Re: [PATCH v6 0/6] Use killable vma write locking in most places

Posted by Suren Baghdasaryan 1 day, 21 hours ago

On Tue, Mar 31, 2026 at 2:51 AM Lorenzo Stoakes (Oracle) <ljs@kernel.org> wrote:
>
> On Fri, Mar 27, 2026 at 04:12:26PM -0700, Andrew Morton wrote:
> > On Fri, 27 Mar 2026 13:54:51 -0700 Suren Baghdasaryan <surenb@google.com> wrote:
> >
> > > Now that we have vma_start_write_killable() we can replace most of the
> > > vma_start_write() calls with it, improving reaction time to the kill
> > > signal.
> > >
> > > There are several places which are left untouched by this patchset:
> > >
> > > 1. free_pgtables() because function should free page tables even if a
> > > fatal signal is pending.
> > >
> > > 2. userfaultd code, where some paths calling vma_start_write() can
> > > handle EINTR and some can't without a deeper code refactoring.
> > >
> > > 3. mpol_rebind_mm() which is used by cpusset controller for migrations
> > > and operates on a remote mm.
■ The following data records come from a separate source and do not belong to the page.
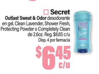 Secret Outlast Sweat & Odor desodorante en gel. Clean Lavender, Shower Fresh, Protecting Powder o Completely Clean de 2.6oz. Reg. $8.65 c/u Disp. 4 por farmacia
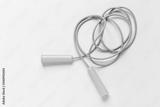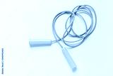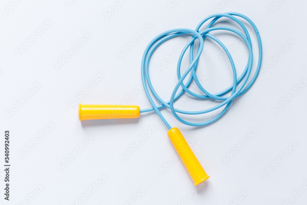 sports composition. jump rope blue with yellow handles on a blue background with a place to write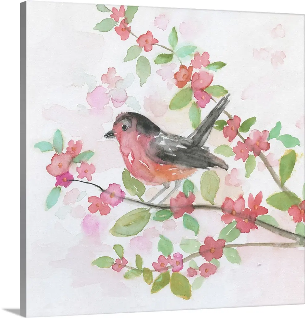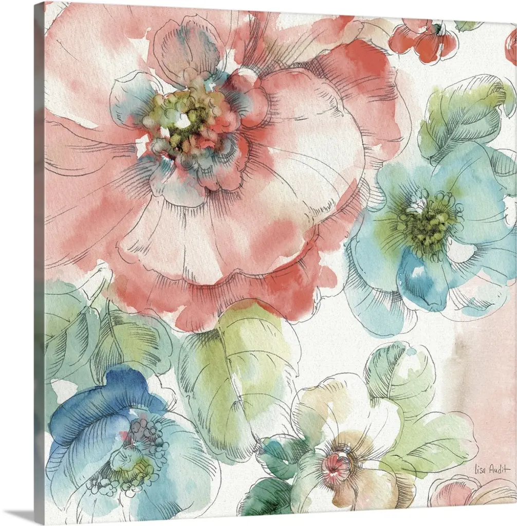 Flowers and Feathers IV by Dina June is a high quality piece of canvas artwork. The finished size of this piece is 12" X 12", and it has a depth 1.5" with wintergray painted sides. There is a UV protective coating over the entire image, and it is ready to hang on your wall with no hardware required.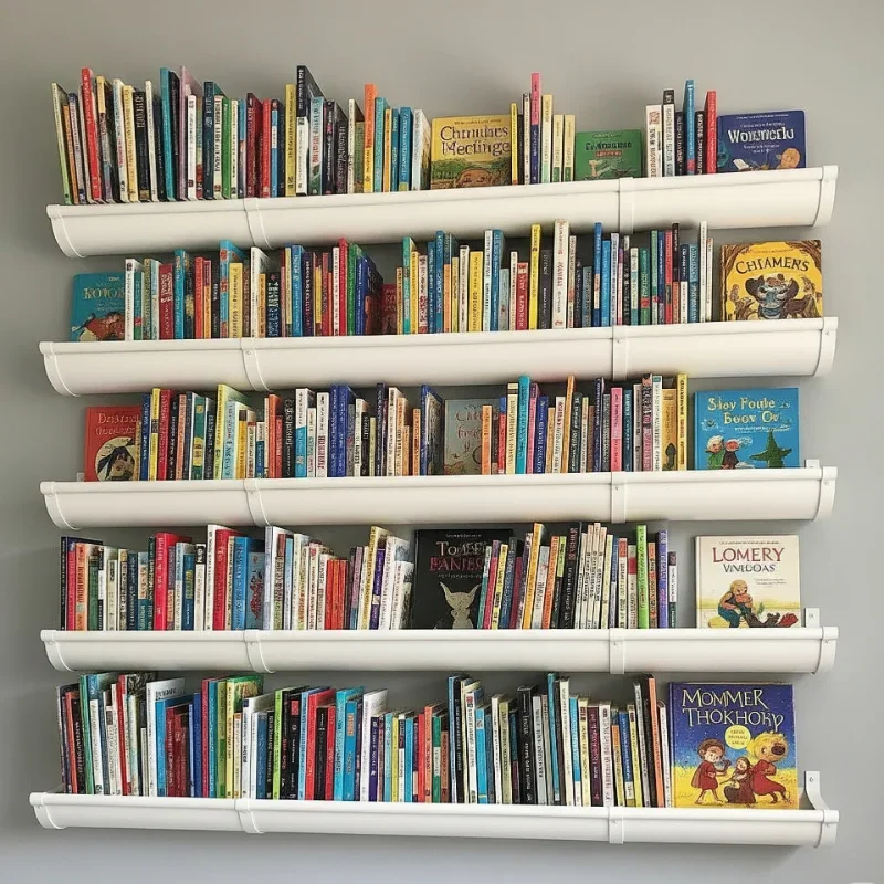 Repurpose vinyl rain gutters into sleek, modern bookshelves perfect for displaying book covers face-out like a bookstore! Purchase gutters from home improvement stores for about $5 to $10 per ten-foot section. Cut them to desired lengths, cap the ends, and mount them to walls using gutter brackets. The shallow depth works perfectly for picture books in nurseries or displaying your current reads in living spaces. Paint gutters to match your walls for a seamless look or choose contrasting colors for bold statements. The slim profile means these shelves work in hallways, behind doors, or other tight spaces where traditional shelving won't fit. Install multiple rows at varying heights to create an entire library wall without overwhelming the room. Kids especially love seeing their book covers displayed gallery-style, making selection easier and encouraging reading. The lightweight material makes installation simple enough for novice DIYers.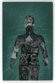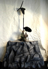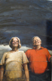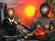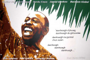 Mural on public display in the village of Ros Dumhach (Rossport), combining a well-known pose of the late Nigerian poet and peace activist Ken Saro-Wiwawith the Irish tri-colour and a translation into Irish of words from one of his poems.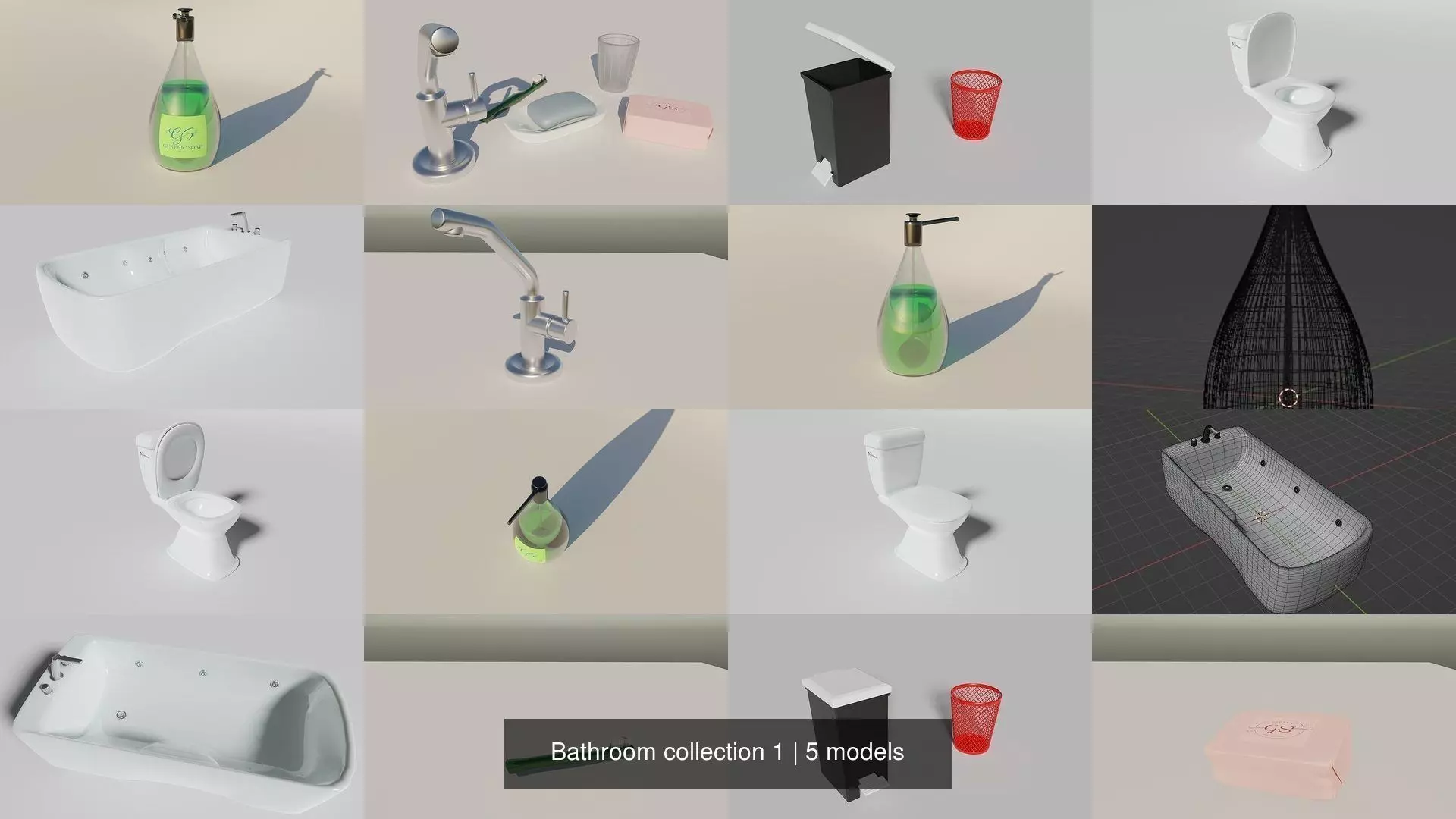 A small collection of some bathroom propsThis pack includes:1 Toilet1 Bathtub2 Trashcans1 faucet1 open soap bar and 1 package1 soap bar holder1 tooth brush1 cup (so you can store your tooth brush lol)1 liquid soap bottle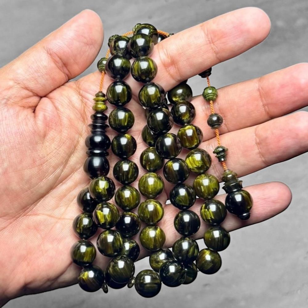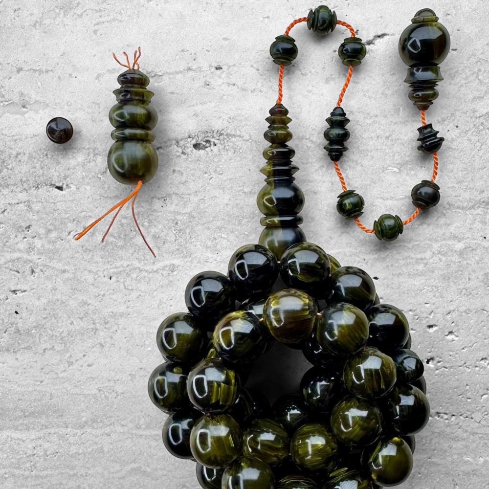 - مسباح من عصي بكلايت بلون زيتي و بتعريق خراطة إبراهيم الدكتور يأتيك بتمليكة ستات محززة ومشكوكة بأجود خيوط الحرير.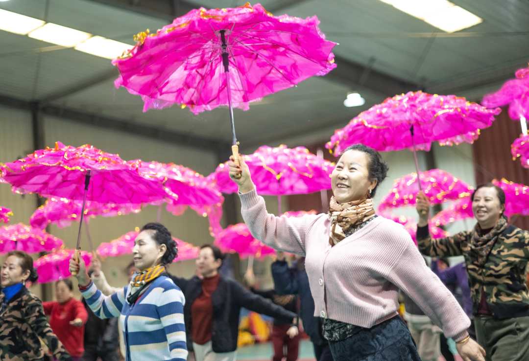 2月25日,新疆昌吉回族自治州昌吉市绿洲路街道,演员在排练社火。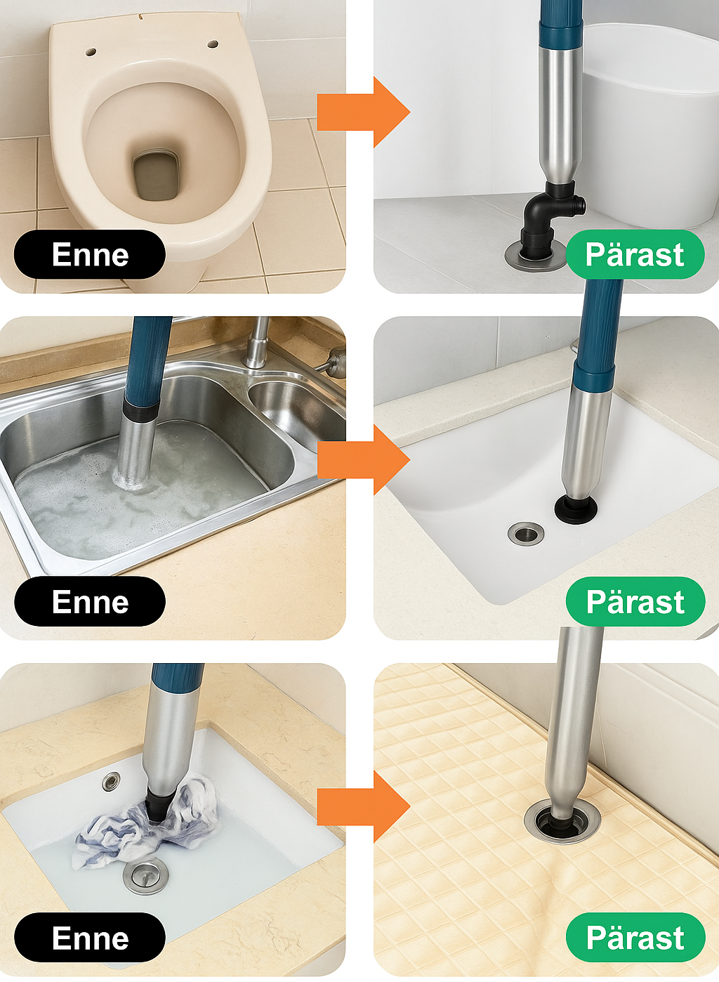 Lihtsalt vajuta pumpa paar korda – rõhk koguneb ning ühe vajutusega eemaldatakse ummistus. Kiire, lihtne ja tõhus.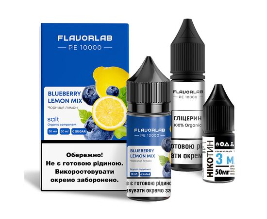 Рідина Набір Flavorlab PE 10000 Blueberry Lemon Mix (Чорниця Лимон) 30мл 5% - створіть ідеальну рідину для максимально комфортного досвіду вейпінгу. Набір для самозамісу складається виключно із компонентів високої якості. Нікотин ви можете додати на свій розсуд. Якщо додасте весь нікобустер вийде 5% міцності, половину – 2,5%. Нікотин можна не додавати взагалі, вийде жижа з 0% міцності. Змішувати самозаміс потрібно у флаконі з ароматизатором, там достатньо порожнього місця.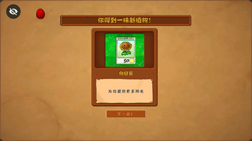 4、打败所有僵尸即可闯关成功,获得新植物,在新手关卡中可以将植物慢慢解锁,从而能够搭配出不同的塔防阵型。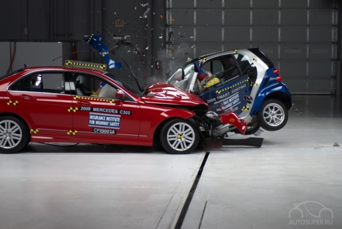Аналогичная ситуация была зафиксирована и при столкновении С-класса от Mercedes и миниатюрного Smart ForTwo. Крошечные размеры сыграли с ним злую шутку. При ударе о полноразмерный седан панель приборов и рулевая колонка Smart оказались в салоне, а пассажиры получили серьезные повреждения. Кроме того, автомобиль развернуло на 450 градусов.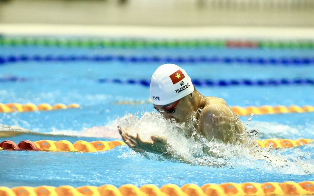 Kình ngư Phạm Thanh Bảo về đích thứ 2 ở lượt bơi thứ 2 vòng loại 100m ếch nam, với thành tích 1 phút 02 giây 72. Anh giành quyền vào chung kết diễn ra trong buổi chiều.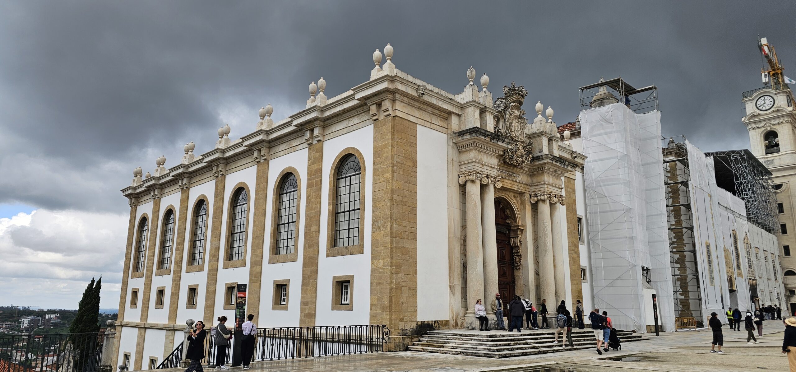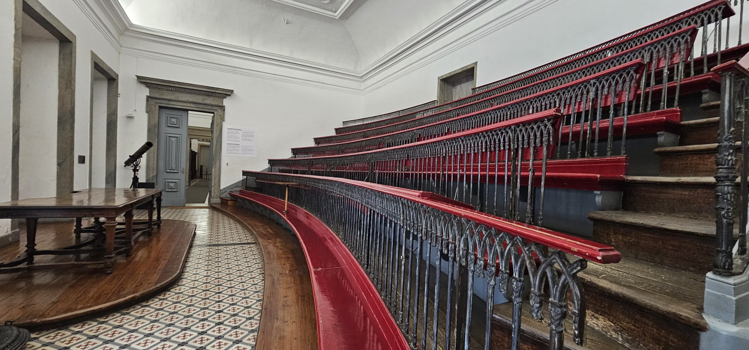 We have timed-entry tickets to explore the Biblioteca Joanina, a baroque masterpiece that embodies the grandeur of the Age of Enlightenment. The entrance is slightly challenging to find, but once we step inside, we find ourselves in an area that served as “the prison”. The university once had its own legislation and governance and therefore, needed a prison. It is the oldest medieval prison in Portugal. Today, it is basically a holding place out the elements until it’s our turn to enter the actual library. When we finally enter the library, it stuns with its gilded interior and towering 2-story bookcases made of exotic woods (no photography allowed). The library houses over 70,000 volumes with many rare manuscripts and first editions. There are three rooms that make up the library. The first room is gold and green, the second is gold against red and the third room is gold on black. We learn there’s a bat colony here and each evening, the tables are covered so when bats come out at dusk to eat any insects that would otherwise be harmful to the precious books and tables.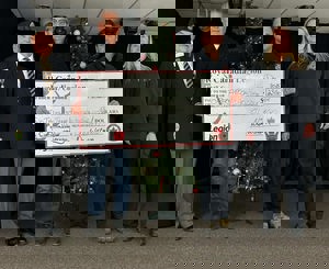 Cheque Presentation made to Operation Christmas in the amount of $2316.85 from last week’s Turkey Raffle that took place at the Corunna Legion in Partnership with the Corunna Volunteer Firefighters. Pictured from left to right are President Shawn MacNeil, Operation Christmas Tree President Stan Marsh, Nick Haynes and Jill Bell.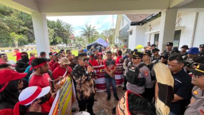 Aksi yang berlangsung tertib namun penuh semangat itu merupakan bentuk protes terhadap dugaan pelanggaran oleh perusahaan perkebunan sawit, mulai dari pengabaian kewajiban kemitraan hingga kriminalisasi terhadap masyarakat adat.

Incomplete operations here would result
> > > in an inconsistent cgroup state.
> > >
> > > 4. vm_flags_{set|mod|clear} require refactoring that involves moving
> > > vma_start_write() out of these functions and replacing it with
> > > vma_assert_write_locked(), then callers of these functions should
> > > lock the vma themselves using vma_start_write_killable() whenever
> > > possible.
> >
> > Updated, thanks.
>
> Andrew - sorry I think we need to yank this and defer to next cycle,
> there's too many functional changes here.
>
> (There was not really any way for me to predict this would happen ahead of
> time, unfortunately.)

Ok, no objections from me. I'll post v6 removing the part Lorenzo
objects to and you can pick it up whenever you deem appropriate.

>
> >
> > > Changes since v5 [1]:
> > > - Added Reviewed-by for unchanged patches, per Lorenzo Stoakes
> > >
> > > Patch#2:
> > > - Fixed locked_vm counter if mlock_vma_pages_range() fails in
> > > mlock_fixup(), per Sashiko
> > > - Avoid VMA re-locking in madvise_update_vma(), mprotect_fixup() and
> > > mseal_apply() when vma_modify_XXX creates a new VMA as it will already be
> > > locked. This prevents the possibility of incomplete operation if signal
> > > happens after a successful vma_modify_XXX modified the vma tree,
> > > per Sashiko
>
> Prevents the possibility of an incomplete operation? But
> vma_write_lock_killable() checks to see if you're _already_ write locked
> and would make the operation a no-op? So how is this even a delta?
>
> It's a brave new world, arguing with sashiko via a submitter... :)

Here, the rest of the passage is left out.